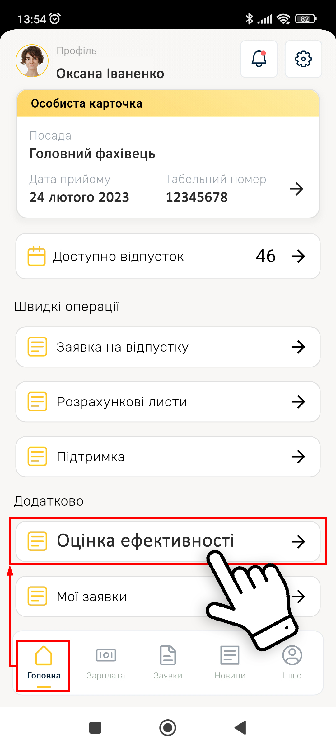 Давайте перевіримо, чи є ця новинка у вас. Відкрийте застосунок Персонал -> Головна -> Додатково -> Оцінка ефективності.
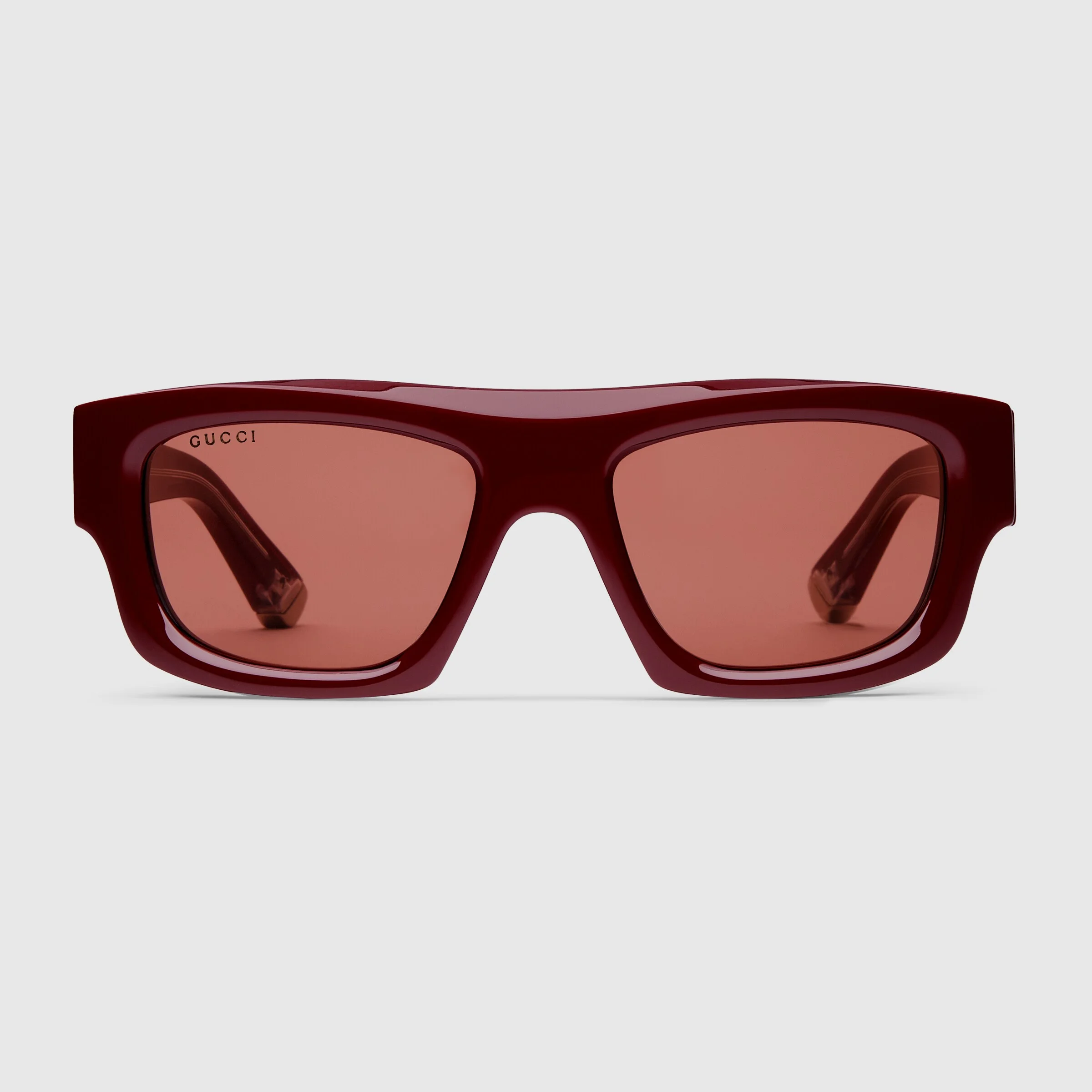 In the Spring Summer 2025 collection, the eyewear pieces blend a rectangular silhouette with signature motifs in an inspired design. Crafted from Gucci Rosso Ancora red acetate, these sunglasses feature a well-proportioned frame and a Gucci script logo detail on the temples. - Gucci Rosso Ancora red acetate frame - Gucci Rosso Ancora red acetate temples with Gucci script and silver metal end tips - Brown lenses - 100% UVA/UVB protection - GG1926S - Temple length: 5.5"; Lens height: 1.5", Nose bridge length: 0.7" - Frame height 1.9"; Frame width 5.7" - Made in Italy - The eyewear case in the House’s signature Rosso Ancora red hue is complete with a magnetic closure and white interior.
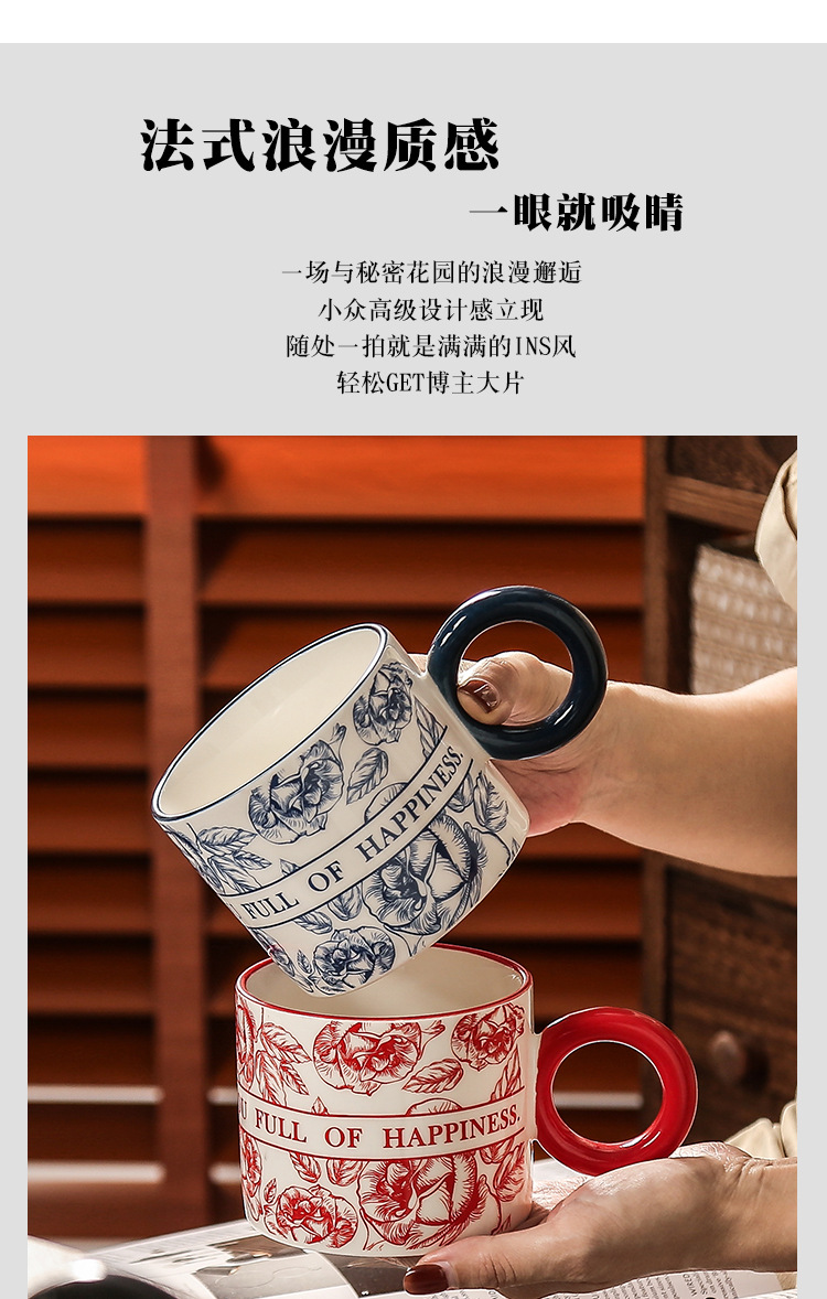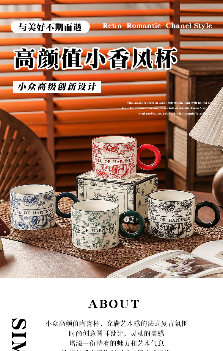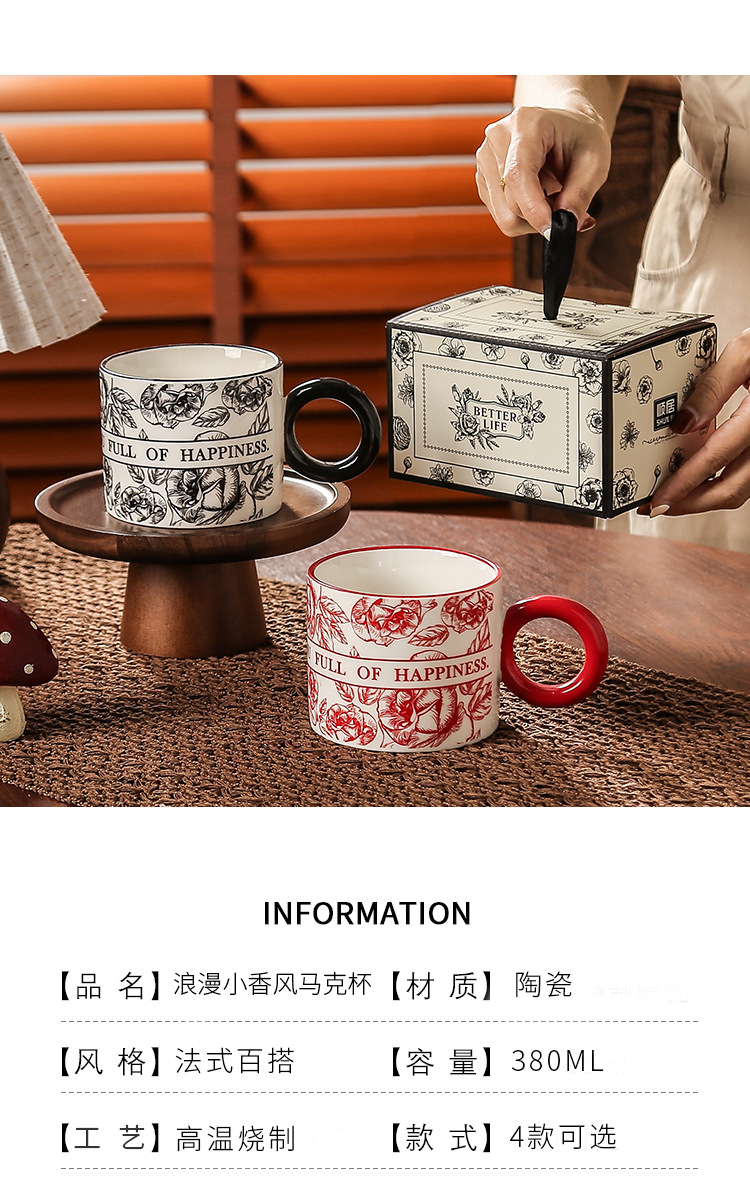 包郵便高颜値小香風陶磁器水杯フランス風ロマンチックマグカップレトロコーヒーカップカップカップカップギフトカップ

------------------------------------------------------------

Task to carry out: Start to finish, write out the data above exactly, omitting all pictures.

Exercise output:
 Давайте перевіримо, чи є ця новинка у вас. Відкрийте застосунок Персонал -> Головна -> Додатково -> Оцінка ефективності.
 In the Spring Summer 2025 collection, the eyewear pieces blend a rectangular silhouette with signature motifs in an inspired design. Crafted from Gucci Rosso Ancora red acetate, these sunglasses feature a well-proportioned frame and a Gucci script logo detail on the temples. - Gucci Rosso Ancora red acetate frame - Gucci Rosso Ancora red acetate temples with Gucci script and silver metal end tips - Brown lenses - 100% UVA/UVB protection - GG1926S - Temple length: 5.5"; Lens height: 1.5", Nose bridge length: 0.7" - Frame height 1.9"; Frame width 5.7" - Made in Italy - The eyewear case in the House’s signature Rosso Ancora red hue is complete with a magnetic closure and white interior.
 包郵便高颜値小香風陶磁器水杯フランス風ロマンチックマグカップレトロコーヒーカップカップカップカップギフトカップ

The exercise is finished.